The situation, living in a squalid camp for refugees in Kabul, was desperate. “I am Sayed Ali — from Geresh district of Helmand province.”
Moments after handing me the letter, he grabbed it out of my hands. A controlled rage flooded his voice. Pashto words cascaded, and a translator tried to keep up.
Sayed Ali said that he’d given other letters to officials and nothing changed. Month after month in this forsaken camp, little more than ditches and improvised tents.
Two weeks later, in mid-September, I met with a few staffers and members of Congress; some of the most progressive on Capitol Hill. But when I talked about the refugees I saw in Kabul — many of them homeless because of U.S. bombing in southern Afghanistan — the discussion couldn’t seem to get anywhere.

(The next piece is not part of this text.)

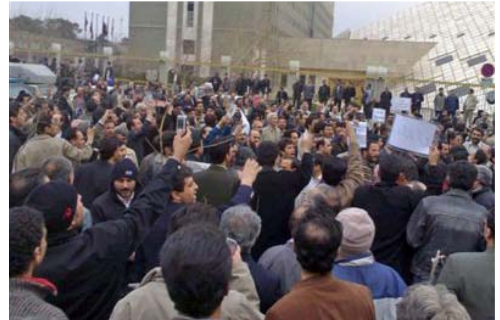
چالاكانى ئهم بواره به روونى ده رى ده خا كه ئهم شىوازى له نه ته وه ييه كانى كورد له رۆژه لاتى كوردستان ته وه رى

په ره گرتن دايه. كورته ئاوپنك له نيوه رۆكى ئامانچ و داخووزييه كانى خهبات ئه گه رچى هه لگرى كۆمه لىك داخووزى پيشه يى و سينفويه به لام ئامانچ و داخووزه

In the air was an unspoken message: Desperate refugees are routine in war. That’s the way it is.
Washington doesn’t recognize Sayed Ali, with his suffering and his smoldering rage, or other Afghans in similar predicaments. An unspoken calculus in Washington figures that we owe them next to nothing. It’s a matter of priorities, you know.
Yes, there are plenty of photo ops and news reports on U.S. aid projects, happening in tandem with Army and Marines military maneuvers. But what’s budgeted to help rebuild Afghanistan is paltry compared to what’s spent on making war there.

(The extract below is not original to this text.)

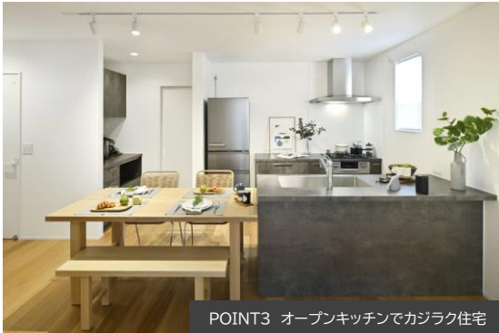
POINT3 オープンキッチンでカジャク住宅

“We proclaim moral principles when justifying our actions, but we wreak havoc and destruction on a backward, ancient world we do not understand,” retired U.S. Army colonel and author Douglas Macgregor wrote in Defense News on September 28. He added: “Our troops are not anthropologists or sociologists, they are soldiers and Marines who have been sent to impose America’s will on backward societies. The result is mutual hatred — not everywhere, but in enough places to feed what American military leaders like to call an ‘insurgency’ . . .”
U.S. media and politics are now awash in talk about getting smarter and shrewder in Afghanistan. The idea of setting a country right while waging war is a popular Washington fantasy. What it has to do with reality is another matter.
“I don’t want any foreigners building roads or big buildings for me when I am cleaning blood from my home,” a shopkeeper in Helmand province, Haji Dawood Khan, told a Financial Times reporter in late September. The newspaper quoted a businessman from Kandahar province, Mohammad Karigar, who said: “The more foreign troops there are, the more people will hate them.”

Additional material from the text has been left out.